# First Time Plower



## New Guy (Feb 14, 2008)

Hey Hows it going. Names BOB. I am in the works of buying my Uncles truck that has a Plow on it. My Question to you is is there any site or info on driving with a plow and how to plow. I know its fairly easy so I have heard. Thanks for all the Help. BOB


----------



## KGRlandscapeing (May 2, 2007)

New Guy;516789 said:


> Hey Hows it going. Names BOB. I am in the works of buying my Uncles truck that has a Plow on it. My Question to you is is there any site or info on driving with a plow and how to plow. I know its fairly easy so I have heard. Thanks for all the Help. BOB


so you have heard wrong.


----------



## AndyTblc (Dec 16, 2006)

if you need tips, on the boss website at the top it will say plowing tips, but there is a lot of info on this site.


----------



## New Guy (Feb 14, 2008)

Ok Thanks for the advice. I will check the Boss site. Were on here might I find a Plowing 101. BOB


----------



## WingPlow (Jun 18, 2007)

KGRlandscapeing;516954 said:


> so you have heard wrong.


contary to popular belief, the art of pushing snow with a heavy peice of steel is not rocket sience

take your time the first few times and you'll have no problems


----------



## KGRlandscapeing (May 2, 2007)

WingPlow;517729 said:


> contary to popular belief, the art of pushing snow with a heavy peice of steel is not rocket sience
> 
> take your time the first few times and you'll have no problems


u ur self just stated it. its an art and well not everybody is an artist. driving with a plow with out ballast in the back can be very difficult in inclement weather. driving with a plow sticking 4 ft out in front of the truck also makes it hard to travel threw traffic or make some right turns. pushing snow now is also hard if ur not well aware of ur surrounding. u r bound to break something being either the truck or landscape or cars and what now. i am not saying that u have to have an IQ 150 or better to plow. it just takes a ton of skills ur hands eyes feet and mind all have to work together well.


----------



## New Guy (Feb 14, 2008)

Ok that Boss site had a lot of good Tips Thanks for the help. BOB


----------



## bannor4952 (Feb 18, 2008)

just rember to take your time and dont rush it right away it takes time to get used to the way the snow gets pushed


----------



## cameo89 (Dec 8, 2007)

*learning how to plow*

I started in a large parking lot (that way your blade should'nt trip) then you can learn how to ''back drag'' and push open lots while ''windrowing'' and learn your comfort speed while pushing in to a pile, be sure and use all mirrors to keep your eyes on all cars, light poles, ect. then as you get better go to your freinds/family members that you don't care for, and by the time you rip up there yards you should be a pro, then go home and make sure your wife/GF can get out of the drive LOL....

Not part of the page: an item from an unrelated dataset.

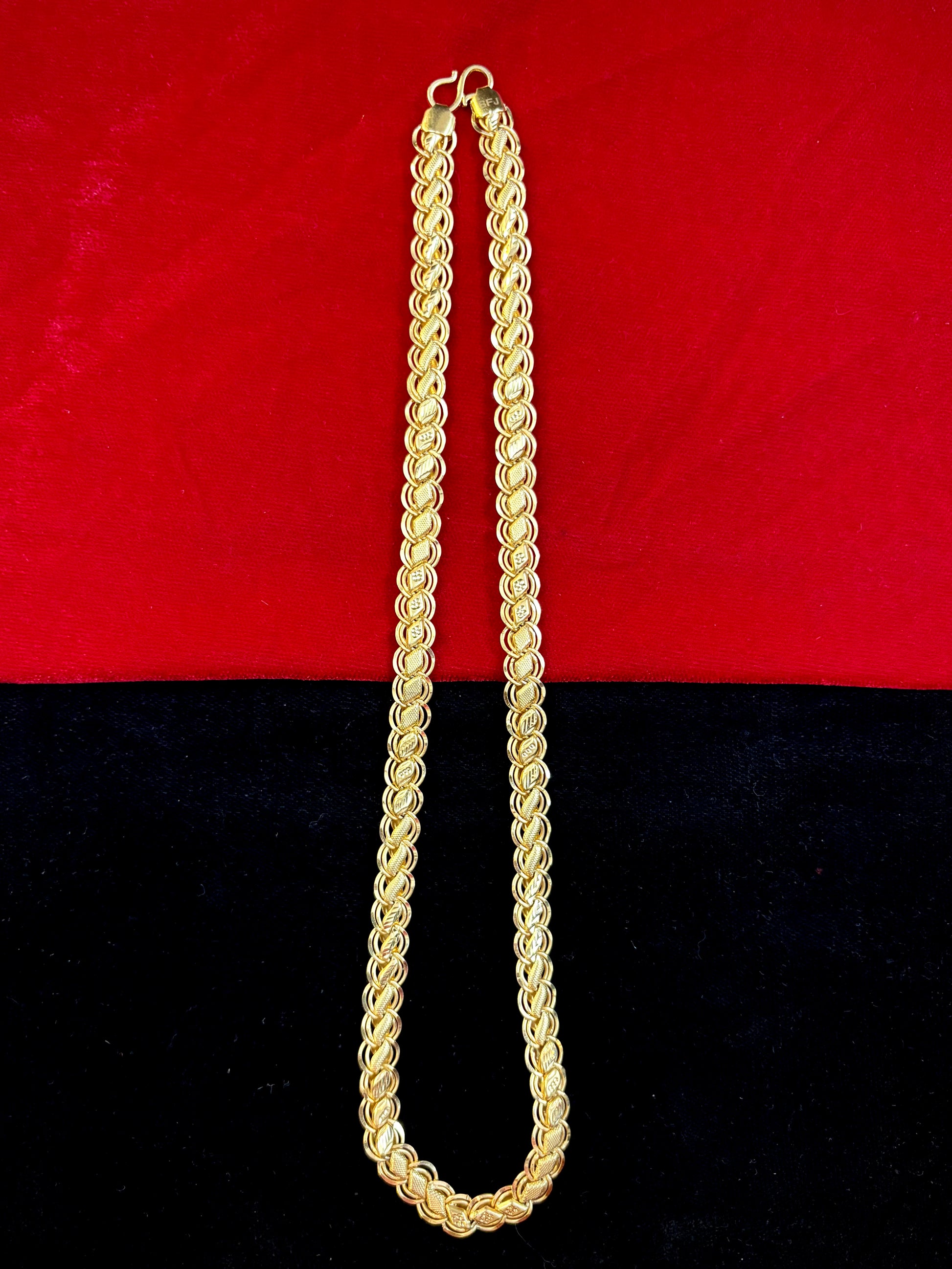 Add a touch of elegance to your collection with this beautifully crafted 1 gram gold plated lotus chain, featuring 150 milligrams of gold forming for enhanced durability. Weighing 20 grams, this chain offers a substantial feel while maintaining a refined, lightweight design.

Welcome to plowsite and Good luck on learning how to plow
You can learn alotttt from these guys on plowsite

Yon


----------



## Jello1 (Jan 17, 2008)

Be aware of potential obstructions. Take your time.


----------



## RipT (Dec 6, 2004)

As others have said, being fully aware of your suroundings...... everything going on, people, kids, pets, cars, trees, posts, rocks, ditches, etc, etc is perhaps the biggest thing to "learn". Think ahead......way ahead!

Do not shift transmission before coming to a FULL stop.

Practice, practice. Speed should not even be a goal while learning.


----------



## Quality SR (Oct 25, 2006)

KGRlandscapeing;517743 said:


> u ur self just stated it. its an art and well not everybody is an artist. driving with a plow with out ballast in the back can be very difficult in inclement weather. driving with a plow sticking 4 ft out in front of the truck also makes it hard to travel threw traffic or make some right turns. pushing snow now is also hard if ur not well aware of ur surrounding. u r bound to break something being either the truck or landscape or cars and what now. i am not saying that u have to have an IQ 150 or better to plow. it just takes a ton of skills ur hands eyes feet and mind all have to work together well.


I agree 100%. You have to know the feel of how the truck handles and how it plows. You will also have to get use to the extra weight, length and with of the blade hanging off your truck. Also on how to push the snow, you will have to do it a few times to get use to it too. How to control the spill off where to push the snow. etc. Every lot and driveway is different. When i start a new place, i keep notes. For example, i kept hitting this man hole that was raised about 1" off the asphalt. So i kind of made a little map on where it is on my notes so it wont happen again. The other thing is take your time until you get use to it. It is just like buying a new vehicle, the more your in it the quicker you will get use to it. Yes check out the Boss site. There is a "plowing Tips" link at top of screen, very help full. Also, if you can try to sub for some one for the first year or 2. And then take it from there. Have you had snow by you??
Forgot to mention, this site is very helpful. Alot of good guys here with lots of experence.


----------



## REAPER (Nov 23, 2004)

Don't plow mad or p__sed off.

If you reach the point of being distracted by anger, pull over and calm down and get your mind back to your lot/drive and whatever you are doing.


----------



## iceyman (Mar 1, 2007)

on ur controller the down button moves the plow down and the....... welcome to PS...


----------



## scottL (Dec 7, 2002)

1) common sense - if someone has ever muttered you do not have any go out and buy some.
2) If you have bad depth perception ..... This may not be for you.
3) divide and conquer. This is how you look at a lot and make most efficient time.
4) solid objects hurt.
5) expect everyone to try and throw themselves in your way. they are sneaky about it and they believe they can not get hurt.
6) take care of your equipment.

yup ... this isn't a bad start.


----------